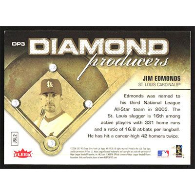 This is a 2006 Ultra Diamond Producers Jim Edmonds baseball card. The card is #DP3 and pictures show condition.
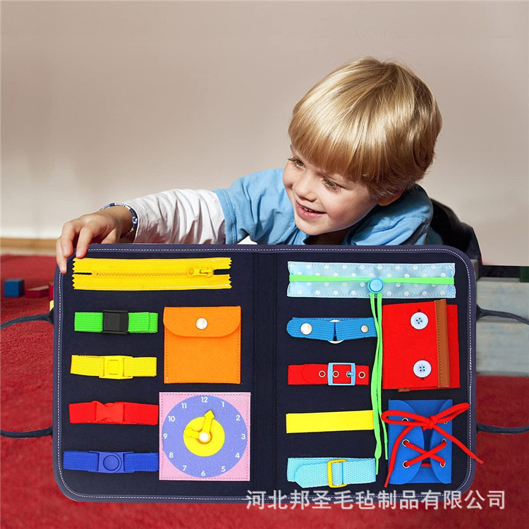 批发毛毡儿童忙碌板 穿衣系扣学习板 DIY早教儿童书包自闭症玩具
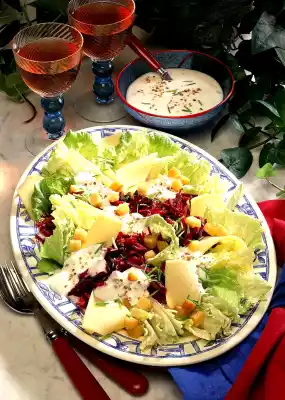 Mix yoghurt and lemon juice. Crush the coriander. Season yoghurt marinade with salt, pepper and coriander. Arrange the salad ingredients on a plate, sprinkle croutons and chives on the salad, add some marinade to the salad and add the rest of the marinade.
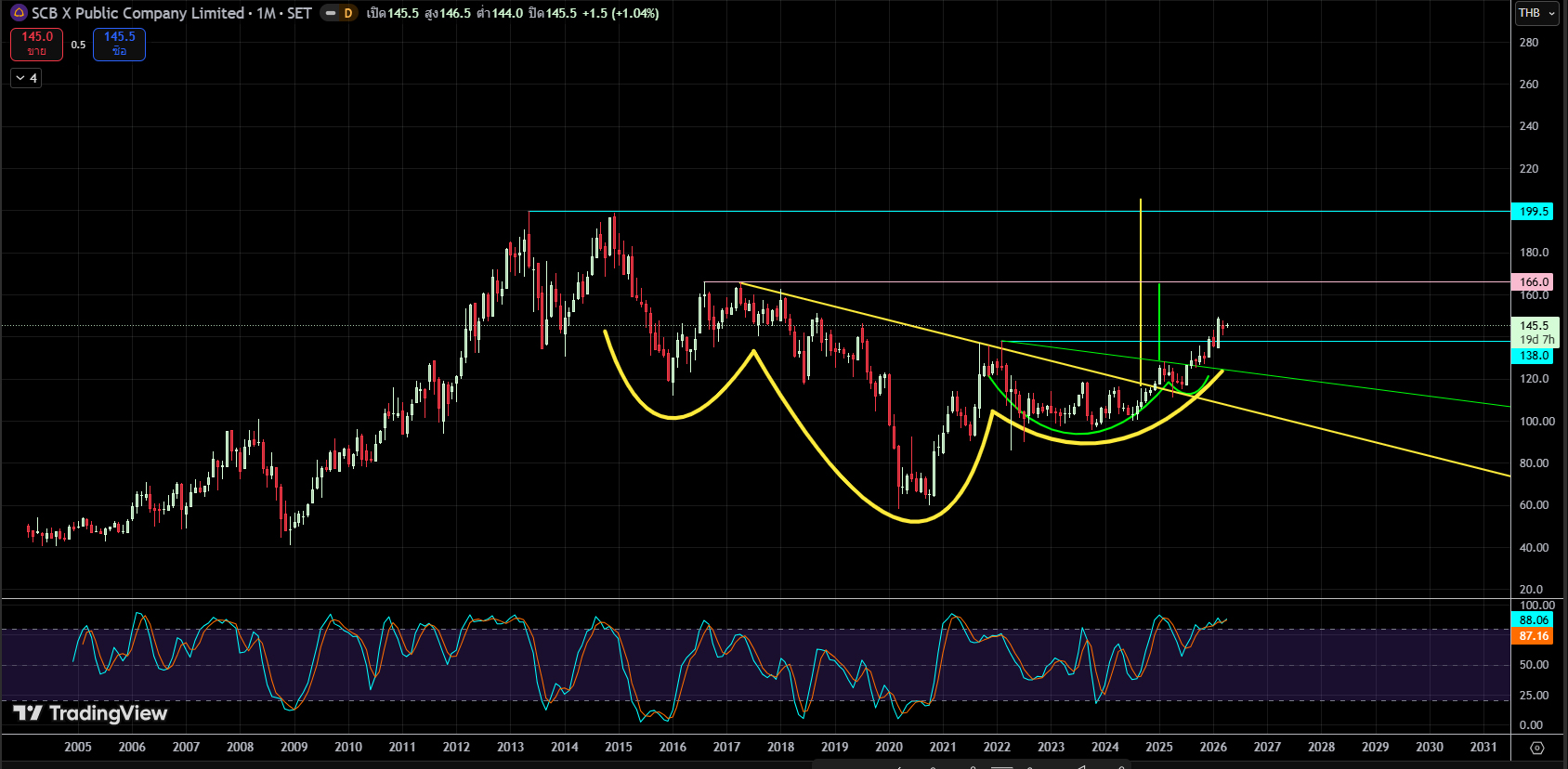 SCB ราคาก็ขึ้นมาตามจินตนาการ ตามลำดับ รอดูว่า มันจะถึงเป้า จริงไหมครับ เป้าแรกสีเขียว เป้าถัดไปสีเหลือง

◇ ◇ ◇

(EXERCISE BRIEF)
Everything from the line with "Mix yoghurt and" through the end of the listing above, both ends included, should be set down exactly; copy nothing else, and skip the pictures.

(OUTPUT BELOW)
 Mix yoghurt and lemon juice. Crush the coriander. Season yoghurt marinade with salt, pepper and coriander. Arrange the salad ingredients on a plate, sprinkle croutons and chives on the salad, add some marinade to the salad and add the rest of the marinade.
 SCB ราคาก็ขึ้นมาตามจินตนาการ ตามลำดับ รอดูว่า มันจะถึงเป้า จริงไหมครับ เป้าแรกสีเขียว เป้าถัดไปสีเหลือง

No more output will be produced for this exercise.